Tuesday, February 15, 2011

Backup script for Large Mysql database running for Wordpress with Hyperdb

0 comments
I had to take backup for a Mysql 5.1 Database that was running for Wordpress application with Hyperdb plugin. The application had almost 93000 blogs and as each blog consisted of 8 tables, there were 786000 tables in the database. All of the tables were created using MyISAM Storage Engine. The number of blogs were increasing day by day. 

The structure of the DB as follows :-

SHOW DATABASES
imported_data
rdb
rdb0
rdb1
....
rdb93 

Here,

imported_data - used to store data that were imported from legacy site.

rdb - used to store all common tables for wordpress and blog 1.

rdbN - used to store data for blogs. Blogs were partitioned in different databases using the formula blog_id/1000. That is, blog 0 was stored at db0 and blog 92134 was stored at db92.

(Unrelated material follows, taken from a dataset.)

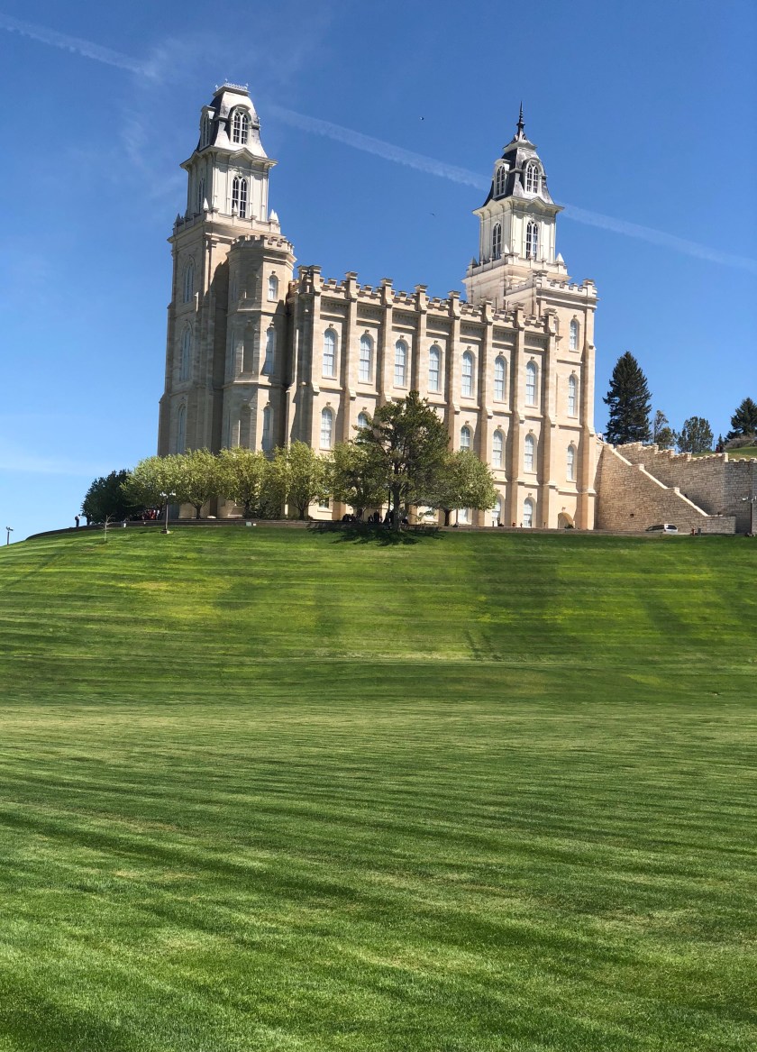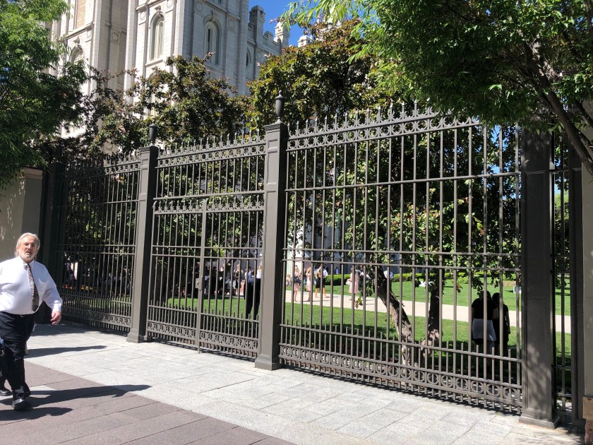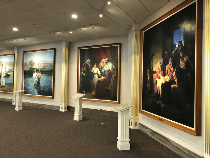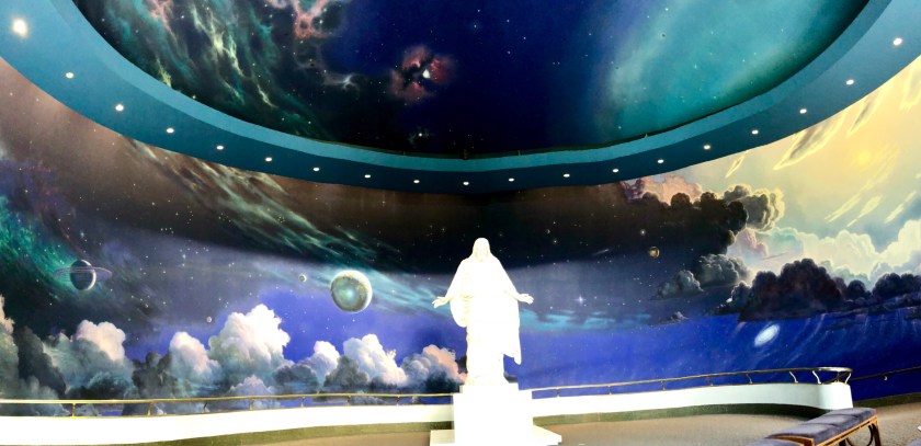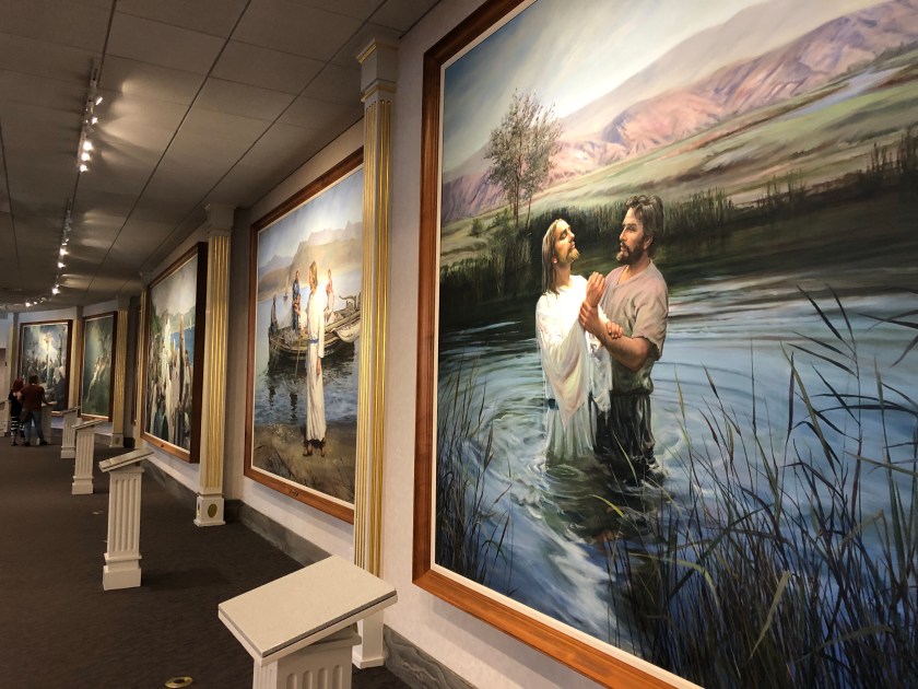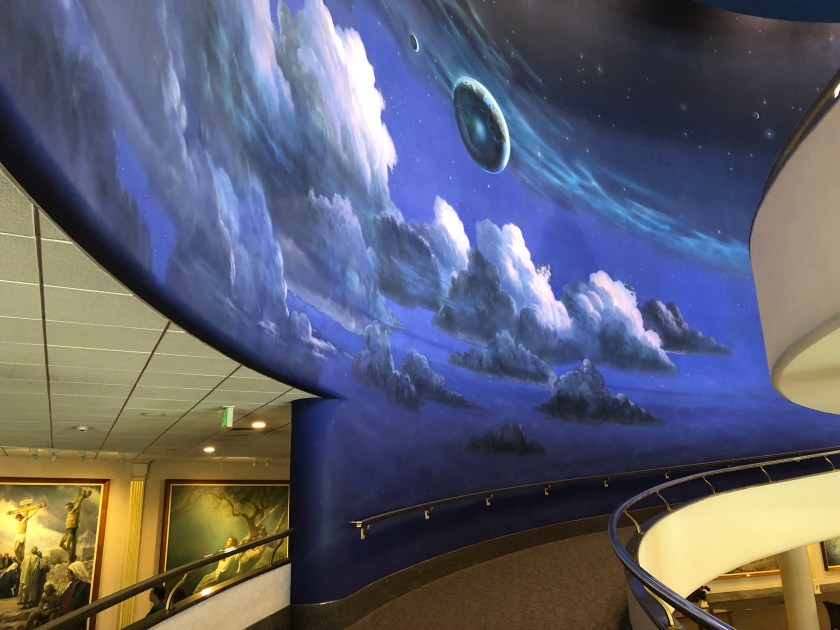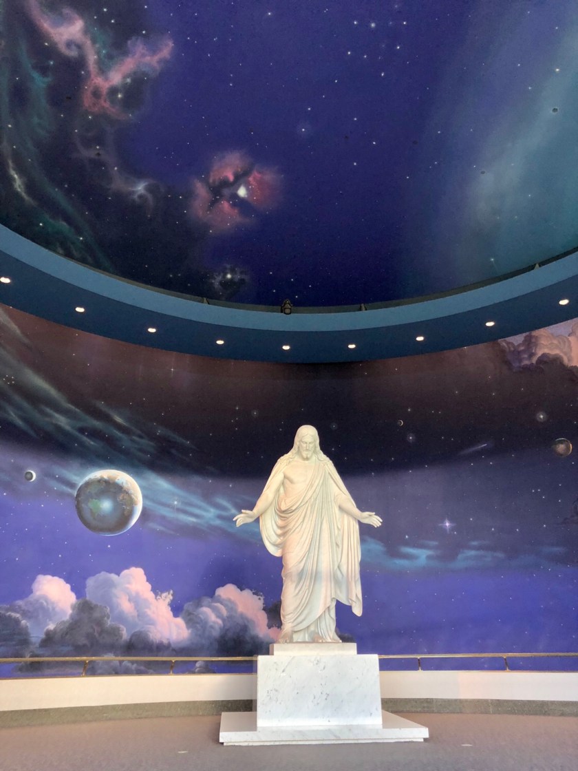 While in Salt Lake City, I visited Temple Square, the heart of the City and home of the Vatican like center of the Mormon Church. The impressive Temple sits amidst manicured gardens. Surrounding the MainTemple is the original first Church, various administrative offices and a palatial Visitors Center, all surrounded by a twelve foot stone wall with occasional beautiful iron gates. The visitors center’s vast 1st floor is lined with huge oil paintings depicting the pivotal moments in the blonde Jesus’s life. The paintings are quite well done and interesting. The upstairs is accessed by a huge sweeping circular staircase, actually a ramp. You approach the second floor amidst a flowing mammoth mural depicting the planets, flowing clouds, heaven like images, all backed up with beautiful celestial choir music singing, the kind of music I expect when I enter heaven . The beautiful heaven murals continue around amphitheater upstairs including the domed ceiling. A 15 foot marble statue of Jesus sits in the middle of the room, faced with 3 curved rows of cushioned benches set back on one side, a discreet viewing place. I sat there watching Chinese tourists line up in front of Jesus for Facebook photos. An odd scene. I later took a small group tour of the grounds provided by Volunteer Mormon Missionary young women completing their 18 month commitment. All very interesting.

At first, I tried with mysqldump program and it took 22 hours to complete the whole database backup. I was in a fix. Then I go with the following steps.


Modified at mysqldump.c

....
static char *get_actual_table_name(const char *old_table_name, MEM_ROOT *root)
{
....
DBUG_PRINT("Rumman", ("SELECT TABLE_NAME FROM information_schema.TABLES WHERE TABLE_NAME = \'%s\'",old_table_name));
my_snprintf(query, sizeof(query), "SELECT TABLE_NAME FROM information_schema.TABLES WHERE TABLE_NAME = \'%s\'",old_table_name
              );
 ...
}
...

Compiled mysql at /root/dbbackup/mysql_r

Backup Scripts 

I used t he following two scripts for digitalsports backup:

1. init_backup.sh : This script is used to initiate backup for all the blogs ( at present 93000). It creates backup slots and then execute the backup_script.sh according to the slots in parallel. Some important variables in this scripts are -

SCRIPT - denotes where the backup_script.sh exists
LOGDIR - directory where all the log files should create
PARALLEL - how many processes we want to start simultaneously for backup 
 2. backup_script.sh  - this script is used call the modified mysqldump. It takes two parameters $START_BLOG_ID and $END_BLOG_ID. Within a for loop, it takes backup for the blogs and create separate sql file for each blog with the name such as blog_.sql.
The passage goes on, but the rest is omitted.